Every db_* command accepting a SQL command as an argument now supports bind variables. You can either

  • specify the -bind switch to provide a set with bind variable values, or
  • specify the -bind switch to explicitly provide a list of bind variable names and values, or
  • not specify a bind variable list at all, in which case Tcl variables are used as bind variables.
The default behavior (i.e., if the -bind switch is omitted) is that these procedures expect to find local variables that correspond in name to the referenced bind variables, e.g.:
set user_id 123456
set role "administrator"

db_foreach user_group_memberships_by_role {
    select g.group_id, g.group_name
    from user_groups g, user_group_map map
    where g.group_id = map.user_id
    and map.user_id = :user_id
    and map.role = :role
} {
    # do something for each group of which user 123456 is in the role
    # of "administrator"
}
The value of the local Tcl variable user_id (123456) is bound to the user_id bind variable.

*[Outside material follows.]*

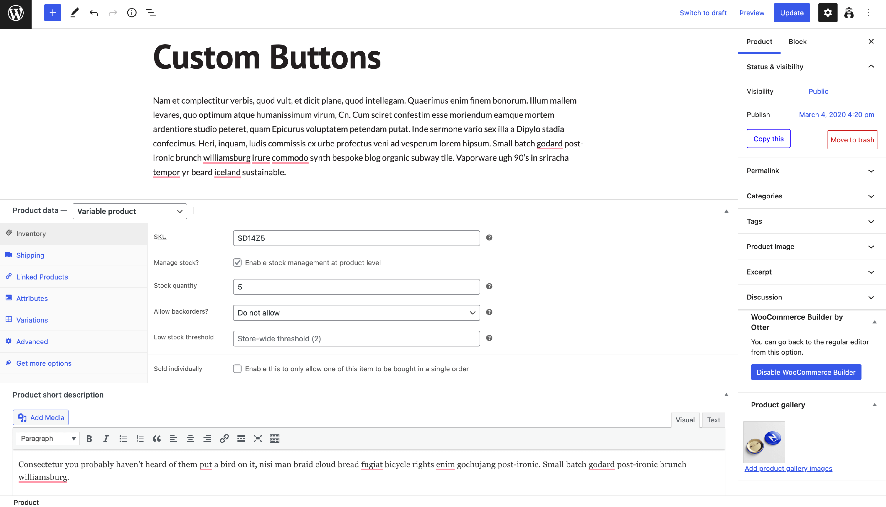 The WooCommerce Builder is a powerful tool that allows you to create a product page as you wish, using the blocks and the resources available on the edit product page.

The -bind switch can takes the name of an ns_set containing keys for each bind variable named in the query, e.g.:

set bind_vars [ns_set create]
ns_set put $bind_vars user_id 123456
ns_set put $bind_vars role "administrator"

db_foreach user_group_memberships_by_role {
    select g.group_id, g.group_name
    from user_groups g, user_group_map map
    where g.group_id = map.user_id
    and map.user_id = :user_id
    and map.role = :role
} -bind $bind_vars {
    # do something for each group in which user 123456 has the role
    # of "administrator"
}
Alternatively, as an argument to -bind you can specify a list of alternating name/value pairs for bind variables:
db_foreach user_group_memberships_by_role {
    select g.group_id, g.group_name
    from user_groups g, user_group_map map
    where g.group_id = map.user_id
    and map.user_id = :user_id
    and map.role = :role
} -bind [list user_id 123456 role "administrator"] {
    # do something for each group in which user 123456 has the role
    # of "administrator"
}

SQL Abstraction

We now require that each SQL statement be assigned a logical name for the statement that is unique to the procedure or page in which it is defined. This is so that (eventually) we can implement logically named statements with alternative SQL for non-Oracle databases (e.g., Postgres). More on this later.

Nulls and Bind Variables

When processing a DML statement, Oracle coerces empty strings into null. (This coercion does not occur in the WHERE clause of a query, i.e. col = '' and col is null are not equivalent.)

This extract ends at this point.